======== Dataset content ========
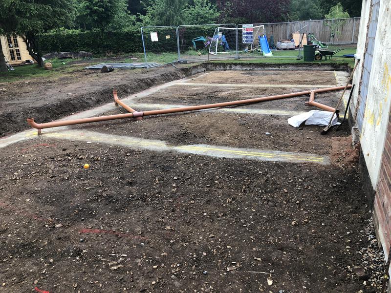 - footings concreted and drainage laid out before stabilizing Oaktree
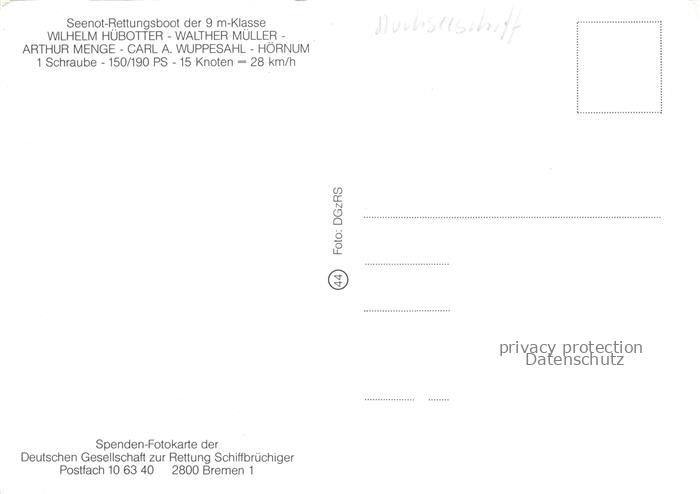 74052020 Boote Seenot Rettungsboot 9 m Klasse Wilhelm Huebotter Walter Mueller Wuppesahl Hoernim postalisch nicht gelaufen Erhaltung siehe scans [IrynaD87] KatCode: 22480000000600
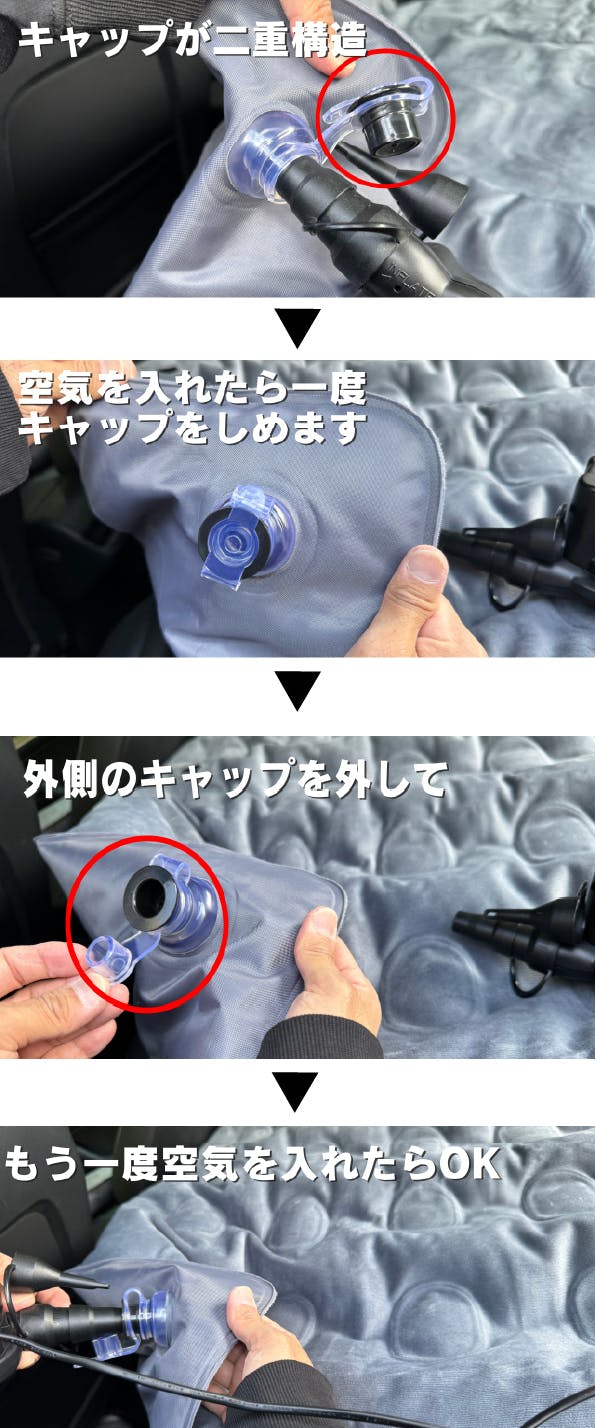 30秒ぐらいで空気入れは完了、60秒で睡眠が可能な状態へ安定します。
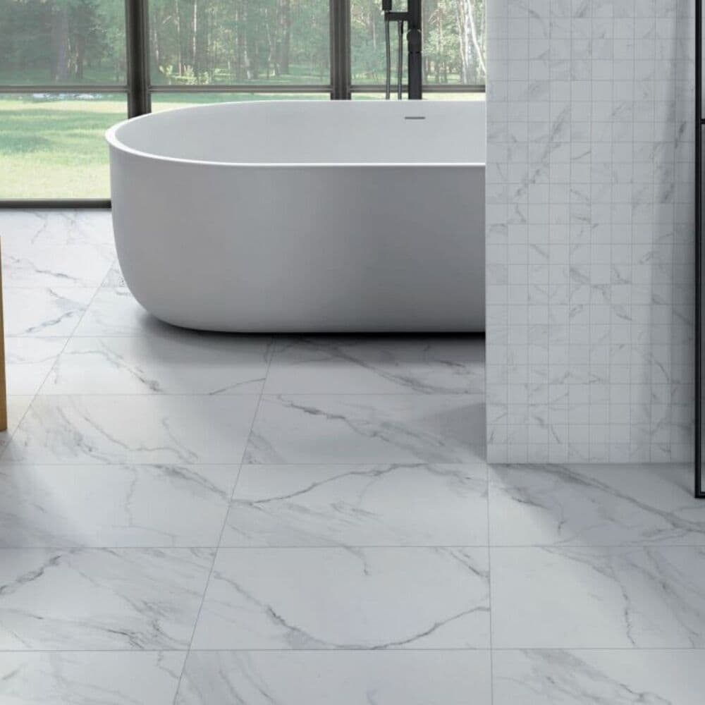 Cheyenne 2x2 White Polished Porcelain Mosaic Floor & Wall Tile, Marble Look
========
Give again, exactly, each line from the one that contains "30秒ぐらいで空気入れは完了、60秒で睡眠が可能な状態へ安定します。" through the last line of the material above. Pictures do not belong in the copy.

__Task output__.
 30秒ぐらいで空気入れは完了、60秒で睡眠が可能な状態へ安定します。
 Cheyenne 2x2 White Polished Porcelain Mosaic Floor & Wall Tile, Marble Look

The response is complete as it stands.